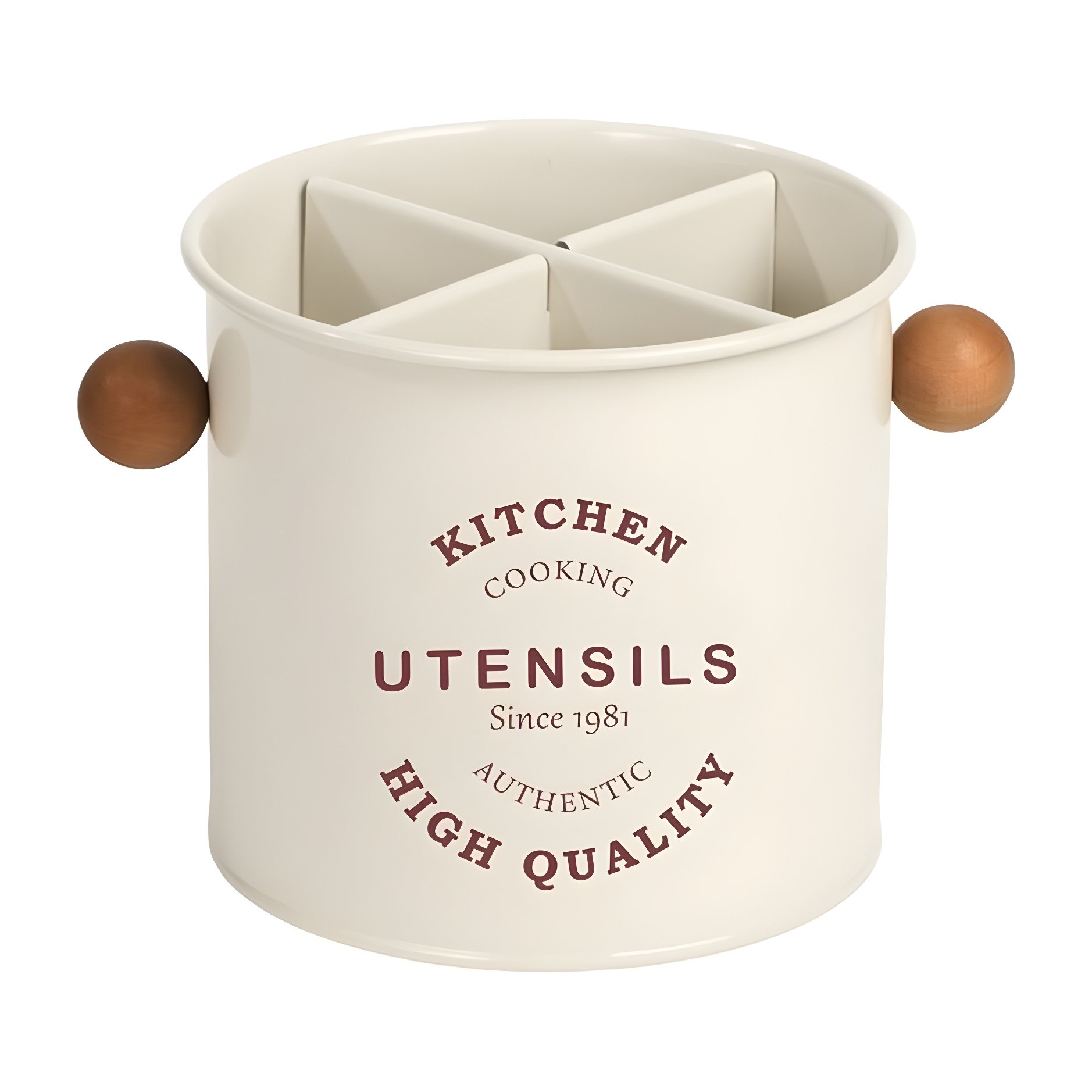 Diviso in 4 scomparti per organizzare spatole, mestoli e utensili da cucina, dotato di maniglie laterali che ne facilitano il trasporto. Il design compatto lo rende ideale per avere gli utensili sempre a portata di mano.
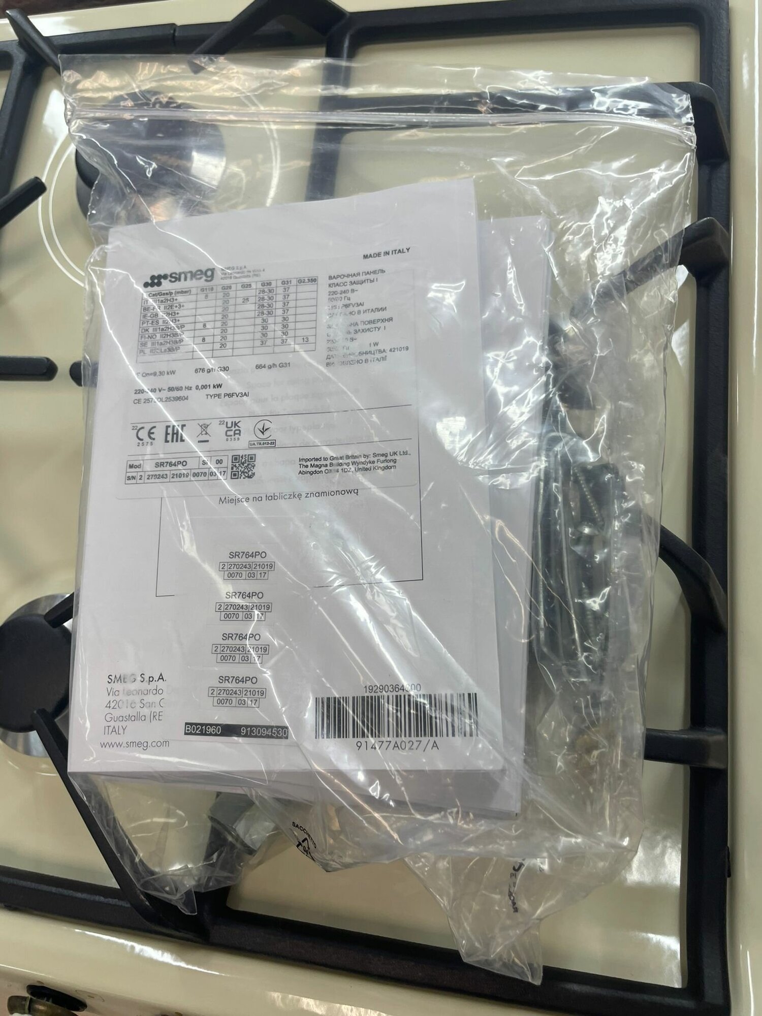 Скачать документы для Газовая варочная панель Smeg SR764PO Cortina
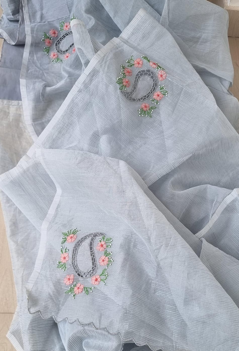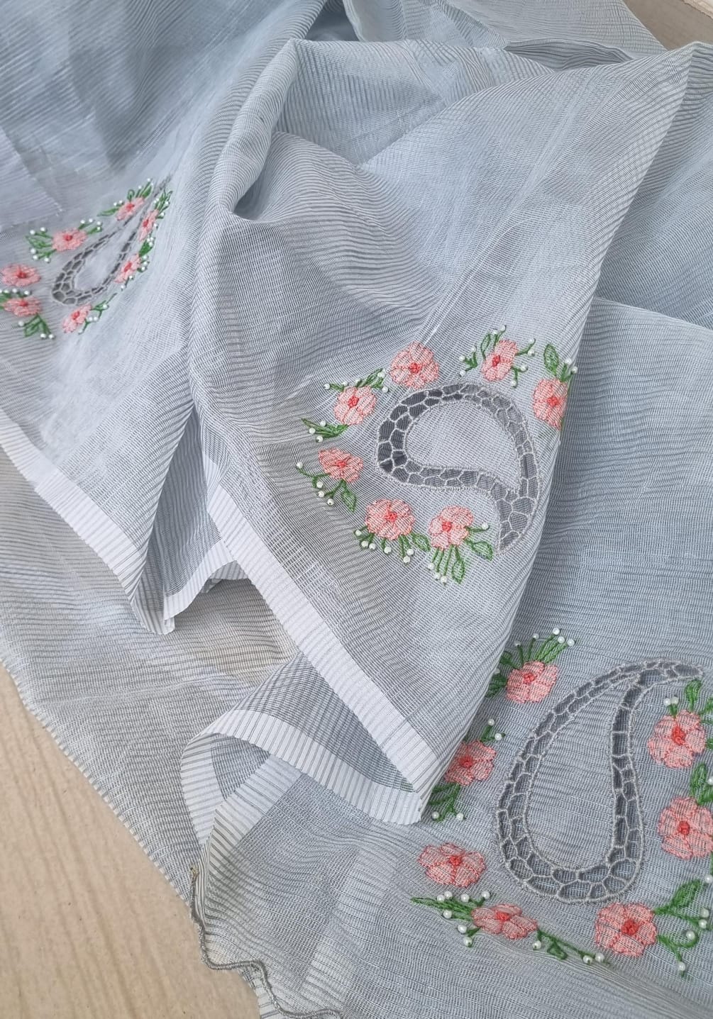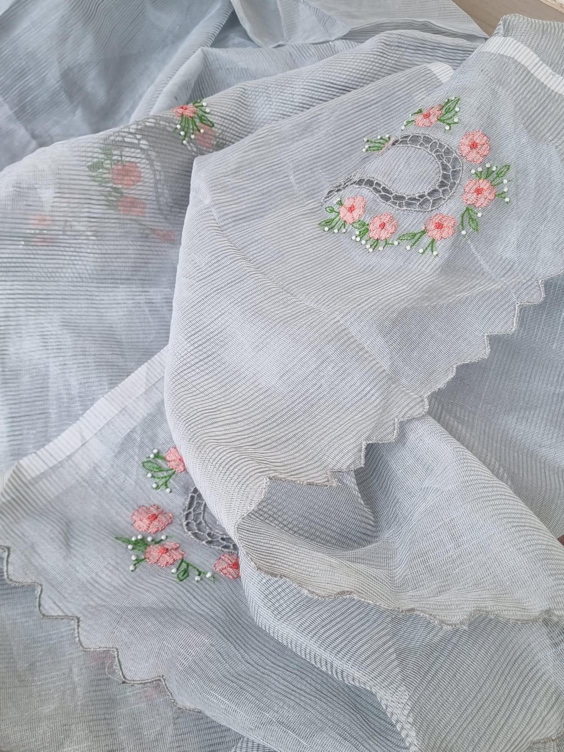 Banarasi silky Kota with cross-stitch embroidery saree and blouse

-- YOUR OBJECTIVE --
Extract the run of lines beginning with the line that holds "Скачать документы для" and ending at the last line of the data, inclusive. Exclude any pictures from the copy.

-- RESULT --
 Скачать документы для Газовая варочная панель Smeg SR764PO Cortina
 Banarasi silky Kota with cross-stitch embroidery saree and blouse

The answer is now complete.